Regarding Pete Wells on Guy Fieri


I’m sure everyone has read Pete Wells’s review of Guy Fieri’s American Kitchen & Bar in Times Square. It reads like a PR agency’s nightmare.

Almost everyone on the Internet has been praising Pete Wells on his straight-forwardness, his honesty, integrity and independence from paid reviews, etc. But I cannot help but wonder why would he choose Guy Fieri’s American Kitchen & Bar in Times Square. It’s like going to KFC and complain about it being a fast-food restaurant chain.

Sous Vide not done right...

Can you guess what’s horribly wrong with this?

We’ve all been to that metaphorical big brassy restaurant, read the adjective-filled menu. Side question: Why do people think that ads (or menus) written in incomplete sentences connotes a coolness factor?

The Alpha Submariner. The timepiece of excellence. For people who have achieved excellence. Cast from a single block of gold. Assembled by Tibetan Zensunni Monks. Worn by people way richer than you.

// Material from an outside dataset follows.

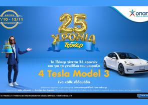 Το ΤΖΟΚΕΡ γίνεται 25 χρόνων και γιορτάζει τα γενέθλιά του μοιράζοντας 4 αυτοκίνητα TESLA Model 3. Από τις 17 Οκτωβρίου έως και τις 13 Νοεμβρίου, 4 τυ...
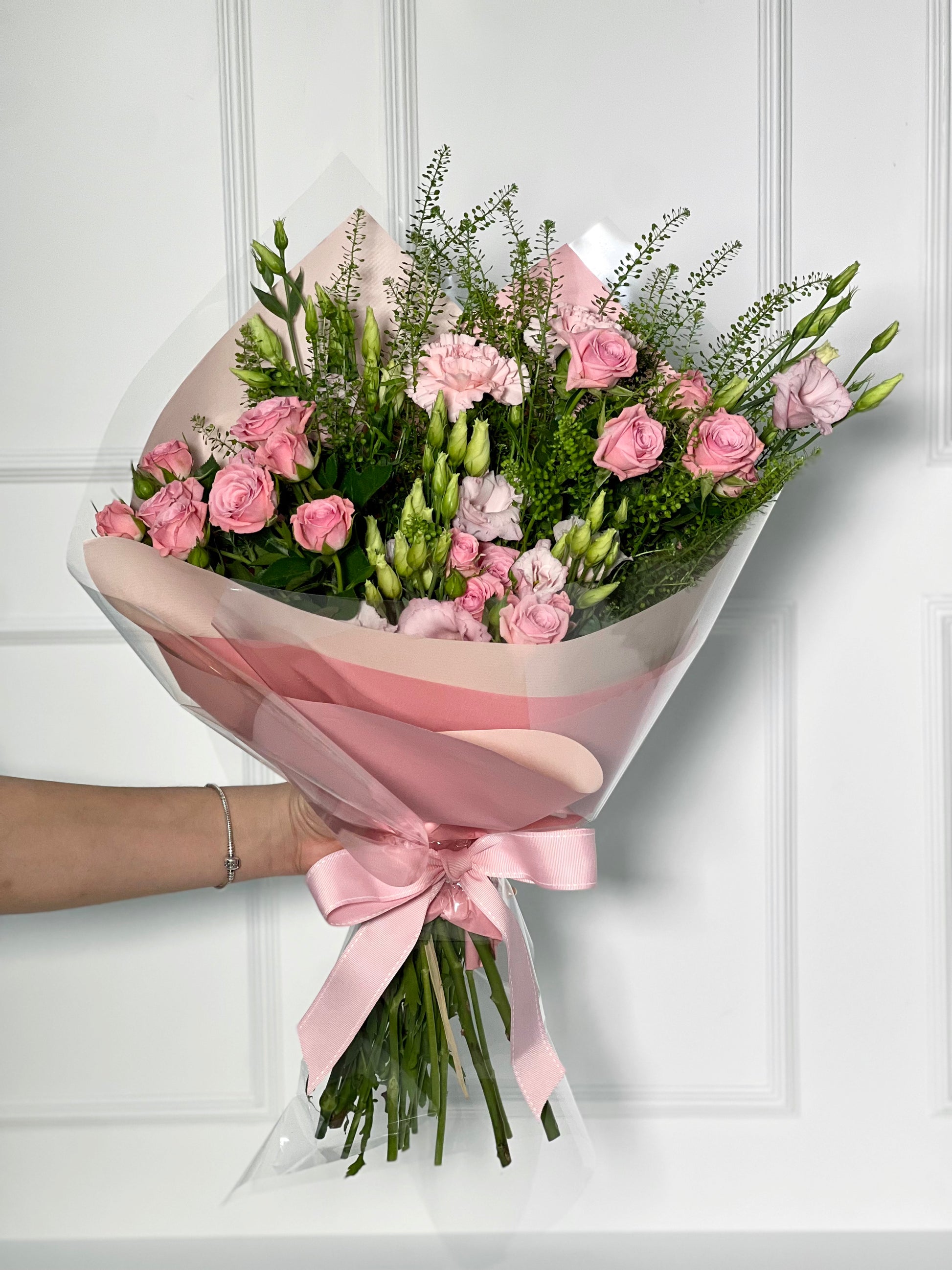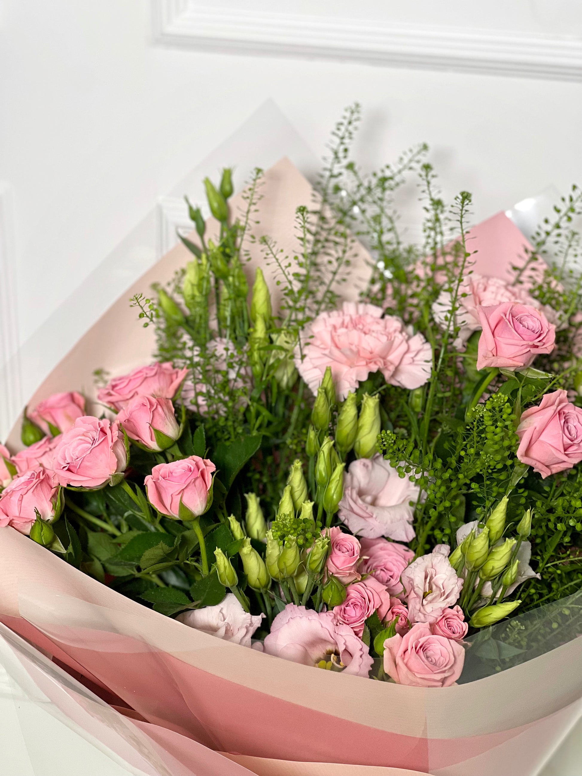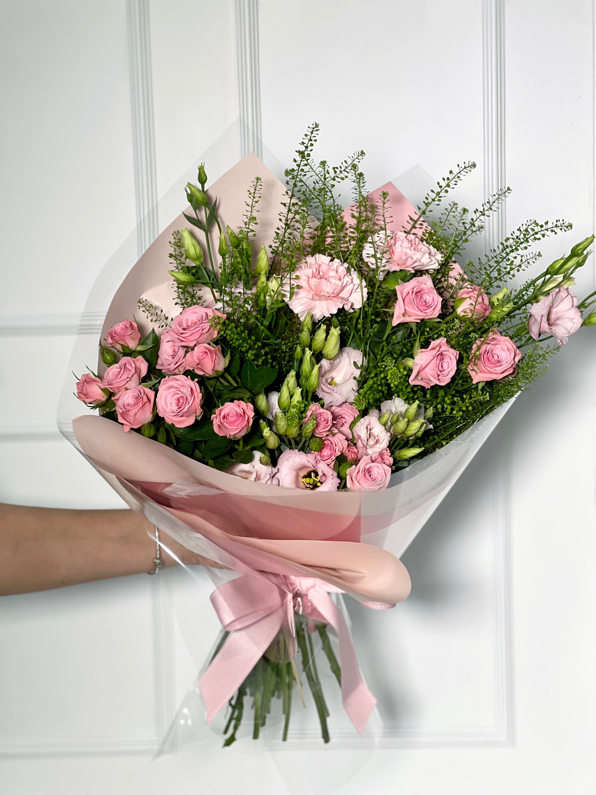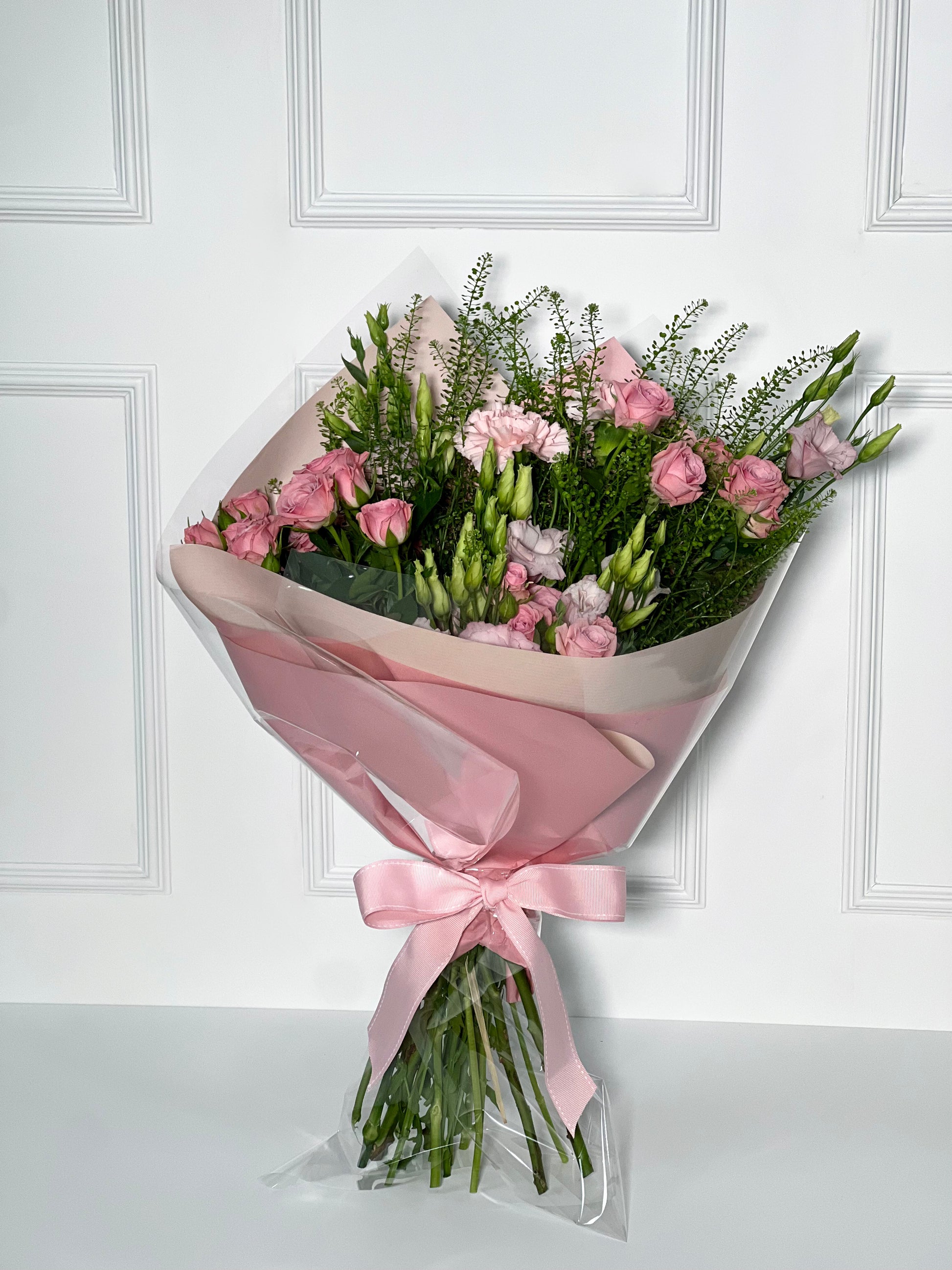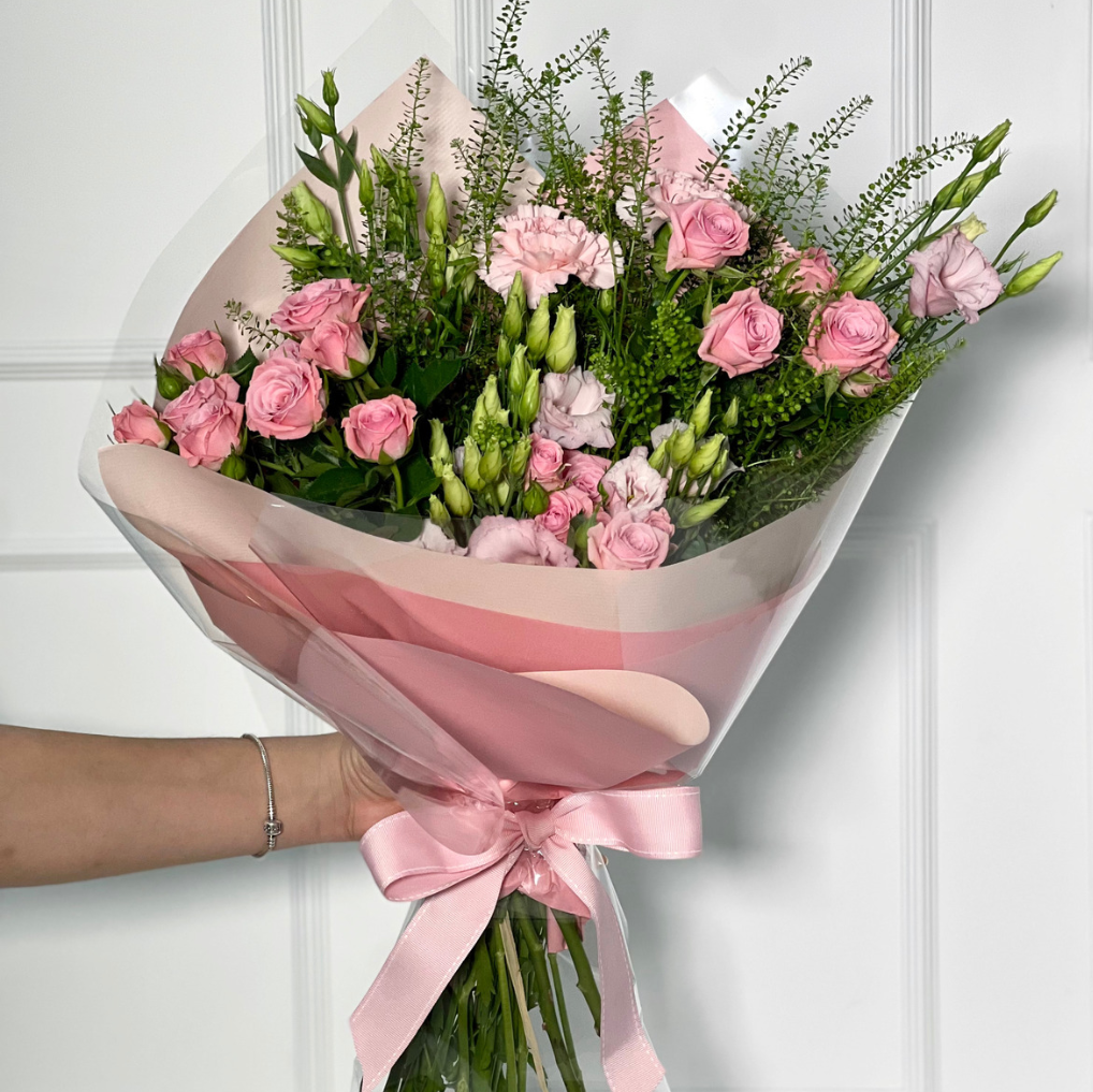 E dentro dele, temos o nosso bouquet Dominique, campestre e com essa variedade de formas e tamanhos dá todo um ar do campo e sutileza a esse arranjo, composto por rosas ramificadas, lisianthus, green bell e cravos cor de rosa, com essa papelaria toda em pink, perfeito para presentear a sua amada(o)!

Because they were that dorky pimply little nerd who studied hard. While you were being cool in school. Now they want you to know. Just how rich and successful they are. Compared to you. Loser.

I digress. Reading the review, I can understand the outrage expressed in the review as I have endured the very same treatment by similar restaurants. After a while, I avoid such restaurants if I can; I am not a masochist.

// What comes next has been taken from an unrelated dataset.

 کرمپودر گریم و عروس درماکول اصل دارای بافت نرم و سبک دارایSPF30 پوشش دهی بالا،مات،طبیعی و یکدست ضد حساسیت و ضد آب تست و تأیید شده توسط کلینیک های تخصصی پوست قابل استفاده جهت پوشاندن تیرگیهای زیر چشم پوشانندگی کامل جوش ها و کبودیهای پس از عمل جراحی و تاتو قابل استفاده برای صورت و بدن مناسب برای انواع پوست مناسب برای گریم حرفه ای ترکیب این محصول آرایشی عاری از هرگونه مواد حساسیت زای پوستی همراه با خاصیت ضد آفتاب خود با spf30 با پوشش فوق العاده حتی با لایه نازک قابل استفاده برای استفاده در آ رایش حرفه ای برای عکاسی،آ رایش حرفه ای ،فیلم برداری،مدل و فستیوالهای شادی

While I think the review was a good read, it does come across as a little douchy and I cannot help but wonder why pick this particular restaurant to train the big guns on? For such an easy target, it feels like a cheap shot.

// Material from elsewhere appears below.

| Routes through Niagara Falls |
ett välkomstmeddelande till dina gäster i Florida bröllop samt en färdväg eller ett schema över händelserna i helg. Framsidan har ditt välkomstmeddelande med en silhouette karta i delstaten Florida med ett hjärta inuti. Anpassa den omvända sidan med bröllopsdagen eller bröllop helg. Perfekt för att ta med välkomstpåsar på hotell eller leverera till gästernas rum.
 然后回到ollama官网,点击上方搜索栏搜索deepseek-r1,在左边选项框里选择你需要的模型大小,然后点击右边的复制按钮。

It is no wonder why some people are asking if there is a hidden agenda by Pete Wells.

Of course, Guy Fieri’s rather hilarious response didn’t help:

“Fieri didn’t think it was fair to visit the restaurant four times in two months. ‘That’s tough times, especially this size of a restaurant.'”
– Ann Oldenburg, USA Today, “Guy Fieri fires back at searing ‘NYT’ restaurant review.

While I make it as a rule not to visit a restaurant until it has been operating for at least 6-9 months – like I said, I’m not a masochist – I think that there should be a certain level of readiness when a restaurant opens otherwise it’s just asking for trouble.

One last thought on this: a lot of people thought Pete Wells’s review was the best they’ve ever read but I would like to bring their attention to the best restaurant review I’ve ever read and it is A. A. Gill’s review of L’Ami Louis.

It is a lot classier but has more bite.